Thomas Edison's legacy
At the Edison-Ford Winter Estates in Fort Myers, meanwhile, horticulturist Debbie Hughes describes what's happening to the market, and to buyers, from her small but seemingly magical growing ground. There, science and beauty both sit at the board table, she says, and scores of species, from delicate herbs to trees that could someday tower overhead, are treated as royalty.
The Edison-Ford Winter Estates nursery specializes in plants that Thomas Edison grew 75 to 100 years ago (that alone gives the nursery a huge range), but it also grows other things that are either beautiful or useful, or both.

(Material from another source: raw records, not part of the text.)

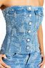 Denim Corset, a modern twist on a classic silhouette that exudes confidence and style. Crafted with precision and attention to detail, this versatile piece effortlessly elevates any outfit, making it a must-have addition to your wardrobe for both casual and dressy occasions.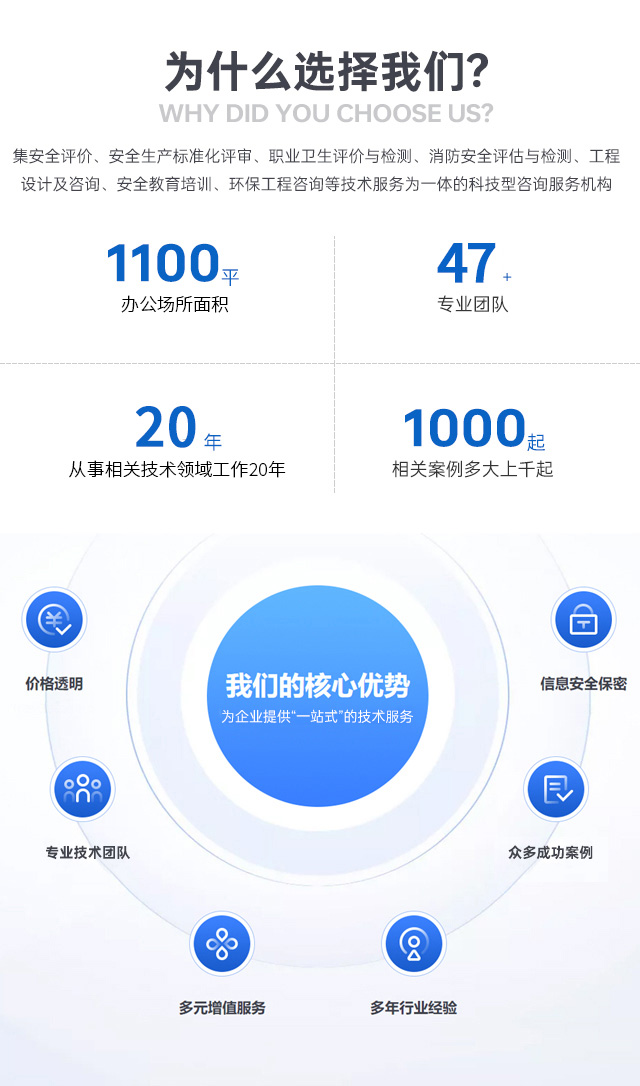 公司注册资金500万,地址位于合肥市包河区南二环路加侨国际广场写字楼B栋,目前拥有办公场所面积1100平方米,员工47人,其中技术人员100%具有大专以上学历,公司骨干多为安全技术、消防技术、职业卫生、检测、检验技术精英,部分人员已经从事相关技术领域工作三十多年。技术服务范围涵盖矿山、金属冶炼、有色金属、化工、石油、电力、电子、机械、轻工等诸多行业。公司严格按照体系要求进行各项技术服务。公司检测设备齐全,检测手段完善。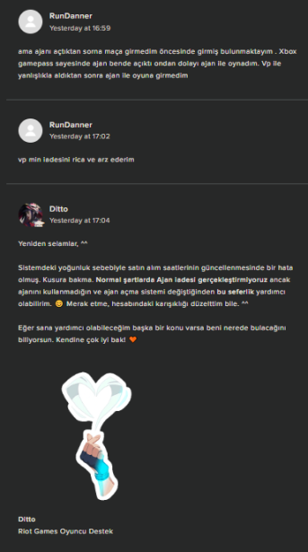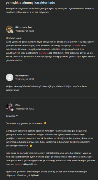 Neyse karakteri XBox Pass ile oynama hakkına sahip olsam da o andan itibaren hiç oyuna görmedim. Tickete ilk gelen bot cevabından sonra cevap veren arkadaş, karakteri kullanmış olduğum için iade yapamayacağını söyledi, sinirlerim bozuldu ama sakin kalıp, cevabını gözden geçirmesini, karakteri XBox ile oynadığımı, VP ile aldıktan sonra hiç oynamadığımı bir kez daha belirttim. Sonrasında başka bir temsilci gelip, killjoy edası ile yaptığı inceleme sonucunda haklı olduğuma kanaat getirip iadeyi yaptı.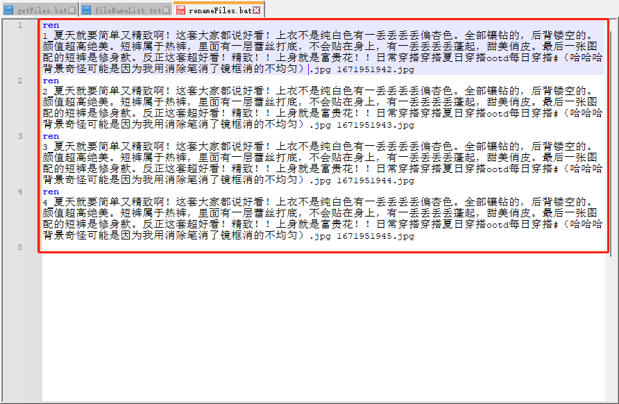 批量重命名,在需要批量重命名的资源的同级目录下新建一个renameFiles.bat文件,打开文件,将Excel中生成的第三列中的数据复制到里面,保存并双击执行,这时就会批量重命名文件了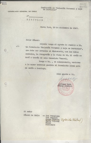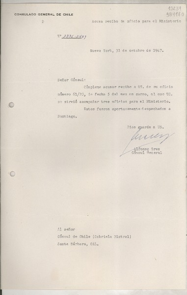 [Circular] N° 3336-2439, 1947 oct. 31, Nueva York, [Estados Unidos] [al] señor Cónsul de Chile (Gabriela Mistral), Santa Barbara, Cal. [manuscrito] Alfonso Grez.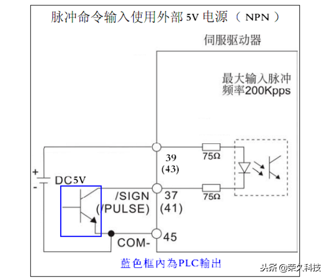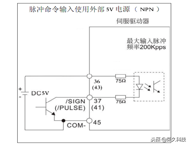2、NPN接线方式(5V输入型):适用A,A+,AB,A2伺服。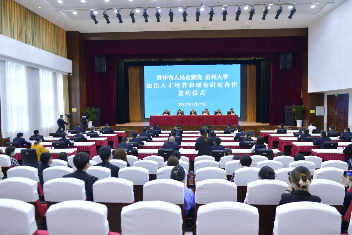 2022年3月17日下午,法治人才培养和理论研究合作签订仪式在国家检察官学院贵州分院举行,贵州省人民检察院党组书记、检察长傅信平及贵州大学党委书记李建军出席见证仪式。贵州省人民检察院常务副检察长余敏、政治部主任董昕、贵州大学副校长李军旗、副校长张大林、党委办公室主任胡小兵、法律顾问室主任余贵忠、我院党委书记石明昌、院长冷传莉、副院长孙志煜等人出席签约仪式。参与本次签约仪式的还有金沙集团1862cc成色部分教职工、研究生和本科生。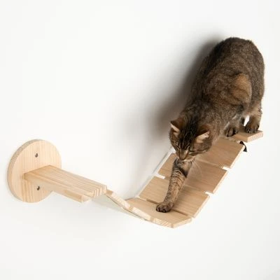 A hanging suspension bridge for cats made of solid pine. Wall-mounted to save on floor space, with 9 planks attached to durable webbing. An ideal addition to a wall obstacle course.Â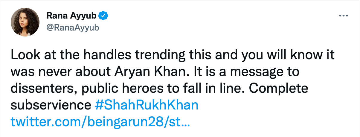 Journalist Rana Ayyub, who was recently mired in controversy related to misappropriation of funds through fundraisers, said Aryan Khan’s arrest was never about his culpability but a message for public dissenters to fall in line.

"People are smarter with their money now," Ms. Hughes says about the customers she helps at the nursery. "They actually ask questions and try to learn more about the plants."
Especially in hard times, she adds, it's human nature to want to see things grow, to nurture something lovely. "They still have to have things to make them happy. Here, they'll buy some flowers or herbs, or tropical fruits. People love that… a lot of them have a mindset of, 'I want to grow something.'"
Often, growing something, or managing what grows with a little help from a nursery, can save money.
"People are doing more on their own, especially in Collier County," says the Driftwood Garden Centers' Mr. Hazlett. "Before, so much was done by lawn services. But now some homeowners are taking on projects by themselves."